= Sinking city myth =

Flood myth in Chinese folklore

The sinking city myth is one of the great flood themes in Chinese folklore. It is a flood myth with three specific characteristics: one or two survivors, a statue that weeps blood, and the sinking of an entire city along with its citizens. The survivor(s) are saved by the gods because of their benevolent acts; the survivors may include an old lady or a devoted son. The statue that weeps blood is often a stone lion statue, or sometimes a tortoise statue.

There are several different versions of the sinking city myth.

This theme is often confused with another flood theme in which the sunken area is greatly increased, from a city to the whole world.

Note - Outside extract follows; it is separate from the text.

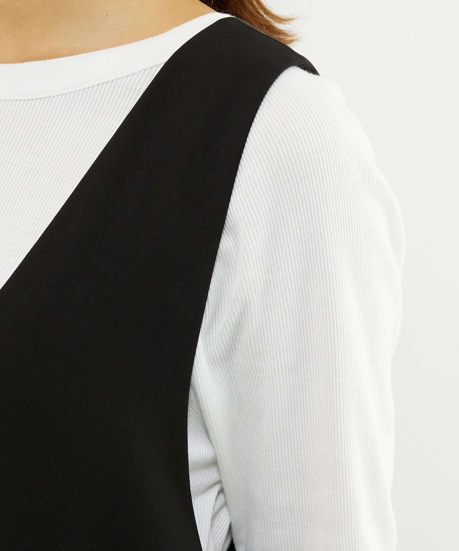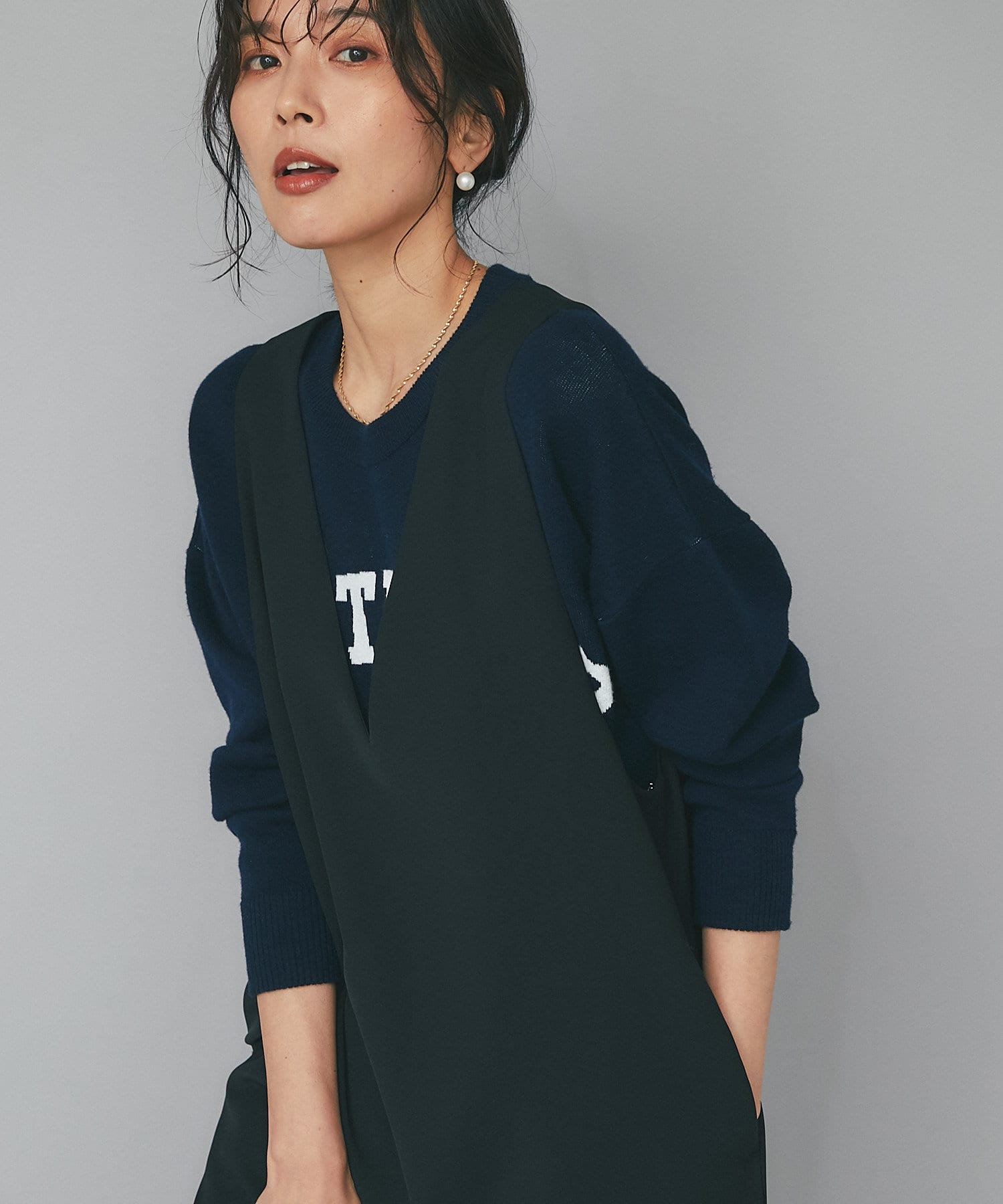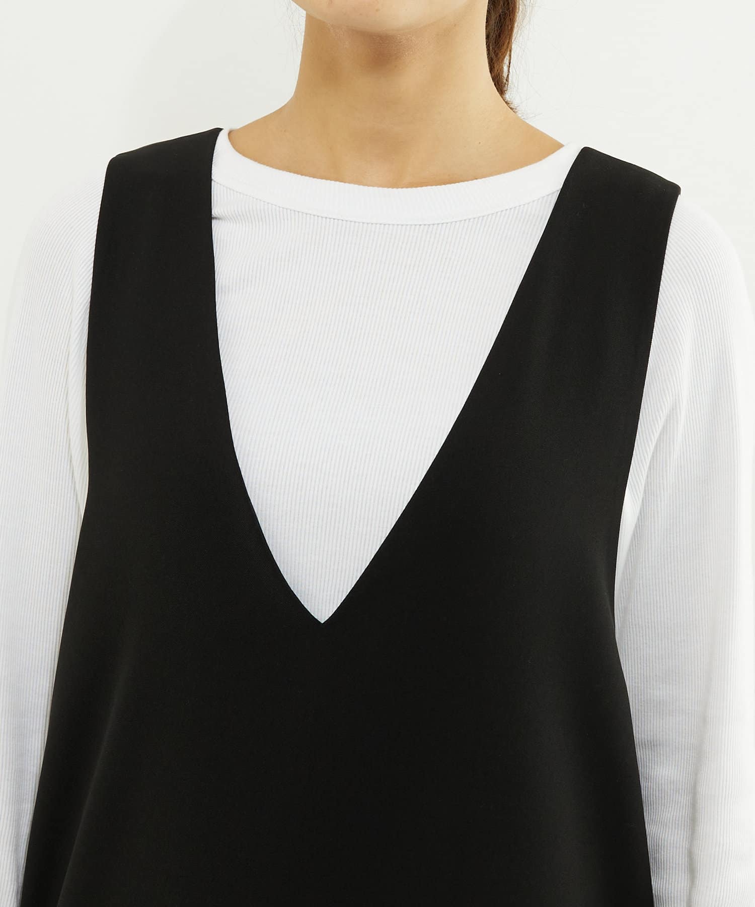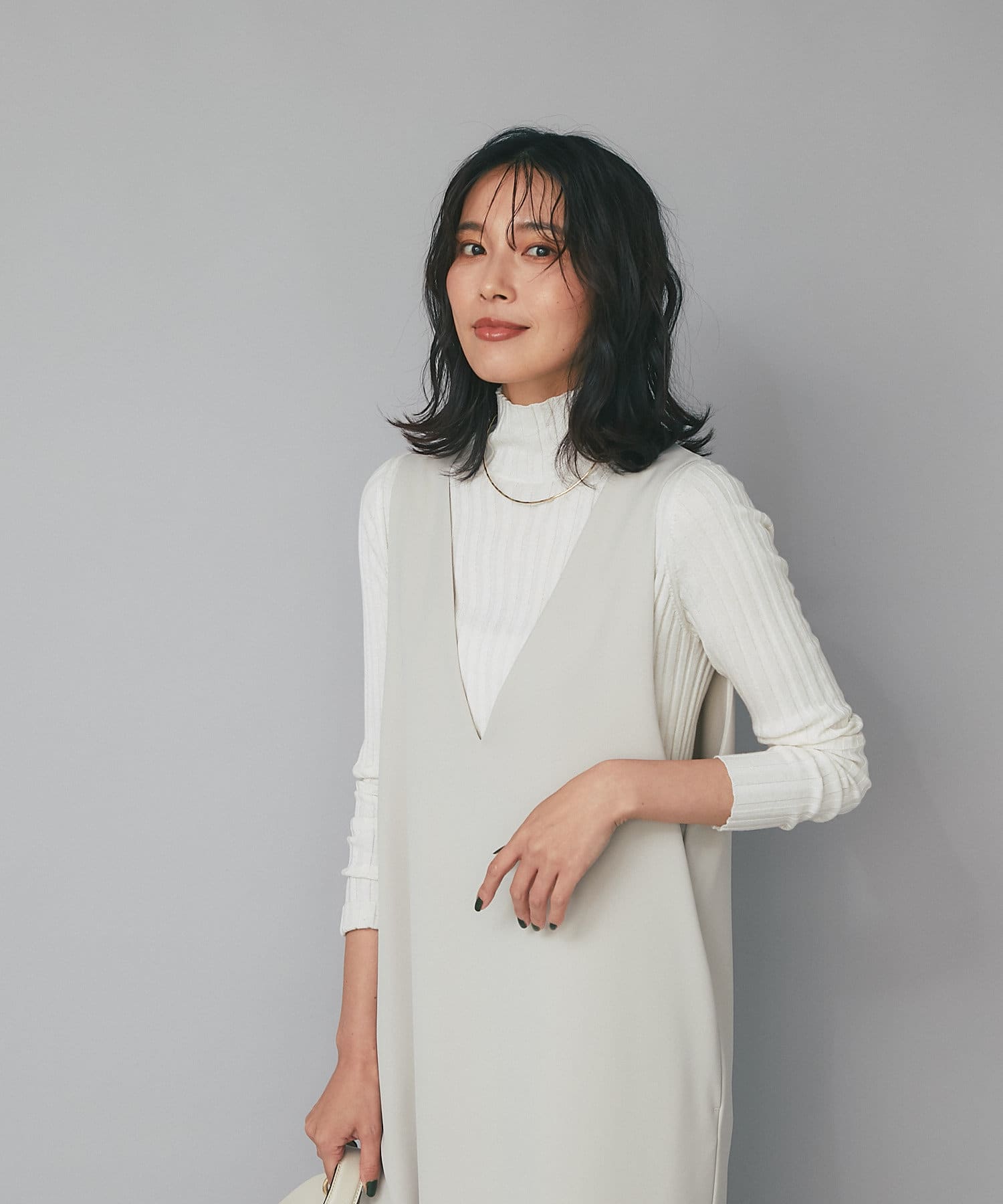 深く開いたアームホールは少し厚手のニットやリラックスしたサイズのシャツと重ねても

==Records of Searching for Spirits==

Records of Searching for Spirits (搜神記 (Sōushénjì)) is a collection of stories from the 4th century CE which was compiled by Gan Bao from the East Jin Dynasty. This literature contains two versions of the legend of the sunken city, in Chapters 13 and 20. The story from Chapter 20 tells of a benevolent old woman who is told that her city would be sunk after the eyes of the tortoise statue in her city turned red. Every day she checked its eyes, until one day a naughty child colored the eyes red. The old woman, with the help of a dragon, escaped the city just before the city sank beneath the water and become a lake.

==Buddhist version==
This version of the myth takes place during a dark time, when most people did not believe in Buddha and the gods anymore. Ksitigarbha Bodhisattva turned himself into a beggar to find the last pious person. He found an old lady praying to the gods who gave him half of the rice which was intended for offering. The Bodhisattva told the lady that her hometown would be sunk after the lion statue's eyes in her city turned red. She passed the warning to other citizens but was laughed at. They secretly painted the statue's eyes red as a prank for the old lady, who was shocked and once again warned the citizens. The people of the city laughed at her and, realising that she could not convince them, the old woman climbed a nearby mountain. After she reached the top, she turned her head just to find her whole city had sunk under the water, and she wept bitterly.

==Nanyang (1982)==
In 1982, the people from Nanyang, Henan still recall the legend of a brother and sister who frequently played with an iron lion statue in the front of a temple. One day, a monk told the older sister to give the lion a steamed bun every day and warned her to check its eyes. If the eyes turned red, she and her brother were to climb into the lion's belly. One day the sister found the statue's eyes red. She called her little brother and they both climbed into the lion's belly not long before the sky turned dark and the wind blew hard. After the sky was clear, they climbed out and found that "the sky had fallen" while everyone in the village had died. They brought with them the steamed buns from inside the lion's belly and searched for other survivors until they found an old woman on the top of the mountain. Both brother and sister asked the old woman what they should do next; the old woman advised that each of them should roll a part of a millstone from the top of the mountain. If the two millstone pieces landed on top of each other as they should, the sister and brother should marry and repopulate the world; and the result was so. They had five pairs of male and female children; each pair were married and they repopulated the world with human beings once more.

==Culture==
- Gùshi shíshī yǎn hóng 紅眼石獅故事 ("When the Lion's Eyes Turn Red") was a drama dance by "New Tang Dynasty Performing Arts Center" (choreography by Tia Zhang) to celebrate Chinese New Year in 2006, about a benevolent old lady and Guan Yin.